Galleries Curate: RHE
Aki Sasamoto, Tsuruko Yamazaki
Mar. 9 until Apr. 3, 2021
Presented by Take Ninagawa in Tokyo
On the occasion of Galleries Curate: RHE, Take Ninagawa in Tokyo is presenting works by Aki Sasamoto and Tsuruko Yamazaki.
The exhibition will be on view from March 9 until April 3, 2021.
For more information about the works on view, please contact firstname.lastname@example.org
Aki Sasamoto is a New York-based Japanese artist who works in performance, sculpture, dance, and whatever other medium it takes to get her ideas across. Her works have been shown both in performing art and visual art venues worldwide. She has collaborated with musicians, choreographers, scientists and scholars, and she plays multiple roles as dancer, sculptor, or director.
Sasamoto's performance/installation works revolve around gestures of nothing and everything. Her installations are careful arrangements of sculpturally altered found objects, and the decisive gestures of her improvisational performances create feedback, responding to sound, objects, and moving bodies. The constructed stories seem personal at first, yet oddly open to varying degrees of access, relation, and reflection.

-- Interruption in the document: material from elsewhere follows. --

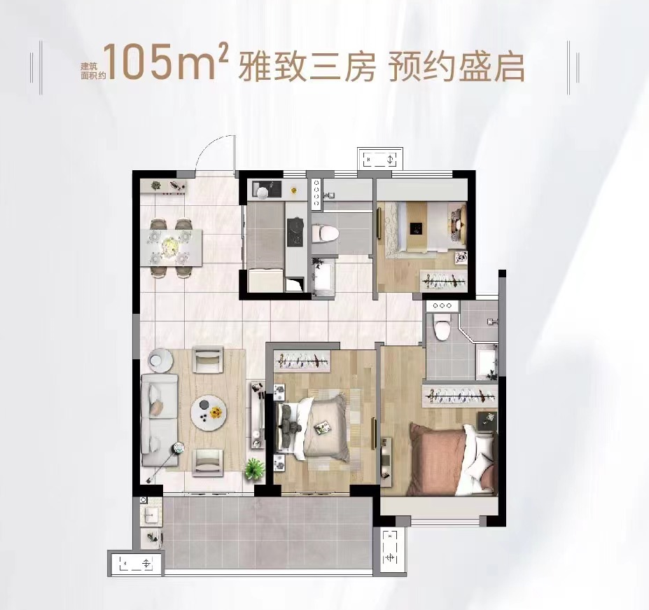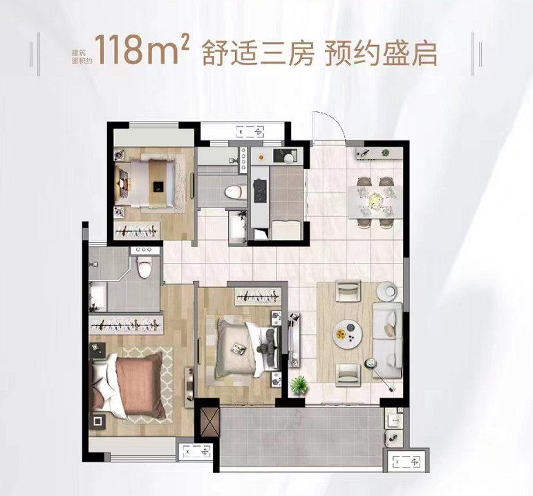 2梯4户板楼,层高26层,主力户型为105㎡和118㎡(仅有50套)的三居室。户型图如下:

Talking in Circles in Talking (2021) is an inquiry into the extent the human body can be transformed into a physical object, much like how our consciousness of a dead person can be turned into a memento. Melting ice blocks contain things that carry people's memories. The drips of the ice and the sounds of the falling objects are amplified via hand-made contact microphones attached to the cooking bowls.
Born in 1925 in Ashiya, Hyogo Prefecture, Tsuruko Yamazaki was a founding member of the Gutai Art Association. Formed in 1954, the Gutai group innovated practices such as happenings and site-specific installations through events including the Outdoor Gutai Art Exhibition, held at Ashiya Park in 1956, and Gutai Art on Stage, held at Sankei Hall in Tokyo in 1957.
From the start Yamazaki pushed Gutai’s focus on the concrete and the material into radical directions. She frequently experimented with reflective surfaces and projected light, both dematerializing the work and inviting viewers to become part of the material. Yamazaki said her interest in light was inspired by the urban environment of the postwar period in Japan, where, with few ambient light sources, the headlights of passing cars catching upon scrap metal, bits of glass, and other street detritus would scatter the darkness with sudden bursts of illumination.
One of Yamazaki’s most recognizable works, Untitled (2011, 2012), was made by applying dye and lacquer to tin panel, which was a typical construction material in post war Japan. Yamazaki created the image improvisationally by moving the panel with her hands. Having debuted the work at the 4th Gutai Art Exhibition at Ohara Kaikan Hall in Tokyo in 1957, Yamazaki revisited the work in her later life through a series of tin panel pieces that would become her last paintings.